Cannes est le port des îles et des deux golfes. Le nom de cette jolie petite ville est devenu célèbre le 1er mars 1815 par le débarquement de Napoléon. Il mit pied à terre à trois kilomètres à l’est, au bord du golfe Jouan. Rien n’est plus délicieux que les environs de Cannes ; c’est mieux que la Provence et mieux que l’Italie : transportez les plus rians paysages de la Suisse au bord d’une mer transparente, mêlez à leurs pins séculaires des vignes, des oliviers, des orangers, éclairez-les d’un soleil plus doux que celui de Naples, et vous aurez le golfe de la Napoule. L’hiver n’est ici connu que de nom : tandis que Paris grelotte et s’enrhume. Cannes voit en janvier les œillets, les jasmins et les roses fleurir au pied de ses bosquets de citronniers. La douceur du climat y réagit sur les mœurs ; elle pourvoit à la moitié des besoins des hommes et prodigue ici des biens qui ne s’obtiennent ailleurs qu’à force de travail et de peine. De bons esprits en ont ainsi jugé, et l’on vient aujourd’hui de fort loin s’asseoir au soleil de cette côte. Lord Brougham, y cherchant une place, s’est gardé de se fixer à la légère.

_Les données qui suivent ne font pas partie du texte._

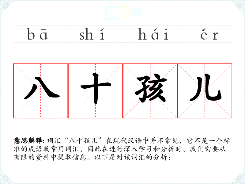 词汇“八十孩儿”在现代汉语中并不常见,它不是一个标准的成语或常用词汇,因此在进行深入学*和分析时,我们需要从有限的资料中提取信息。以下是对该词汇的分析:
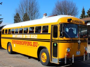 1. Dinnerhopping, München: In München kann man ein Dinner mit einer Stadtrundfahrt verbinden – und zwar in einem Original-Schulbus aus den USA. Der Schulbus stammt aus den 1970er Jahren und wurde liebevoll umgebaut und restauriert: die originalen Schulbussitze sind hochwertig gepolstert und mit Echtleder überzogen, zwischen zwei Stuhlreihen wurde je ein Original-Diner-Tisch aus den 1970ern montiert. Typische Neonleuchten dieser Zeit tauchen das Bus-Diner in ein authentisches Licht. Im Heck des Busses befindet sich eine US-Diner-Theke mit gekühlten Getränken.

Incertain d’abord entre Cannes et Nice, il a comparativement étudié les expositions, les vents, les influences hygiéniques des deux pays, et il n’a construit à Cannes sa charmante villa qu’après s’être assuré que le climat en était très préférable. Ses voisins vont jusqu’à prétendre, dans l’intérêt de leur cause, que, Nice l’eût-elle emporté sous ce rapport, le noble lord se serait rendu à la supériorité de saveur des productions, et particulièrement du poisson, de Cannes : c’est en effet dans les deux golfes, et point ailleurs, que se pêche le Saint-Pierre, cet ortolan de l’ichthyologie. L’exemple et l’opinion de sa seigneurie ont déjà, du reste, entraîné plusieurs de ses compatriotes, et il se forme aux portes de Cannes un quartier des Anglais, qui laisse entrevoir un rival futur des faubourgs de Nice.

  1. De l’an 889 à l’an 975. Voir le savant livre de M. Reinaud, de l’Institut, sur les Invasions des Sarrasins en France, en Piémont et en Suisse pendant les VIIIe, IXe, Xe siècles ; in-8o. Paris, 1836.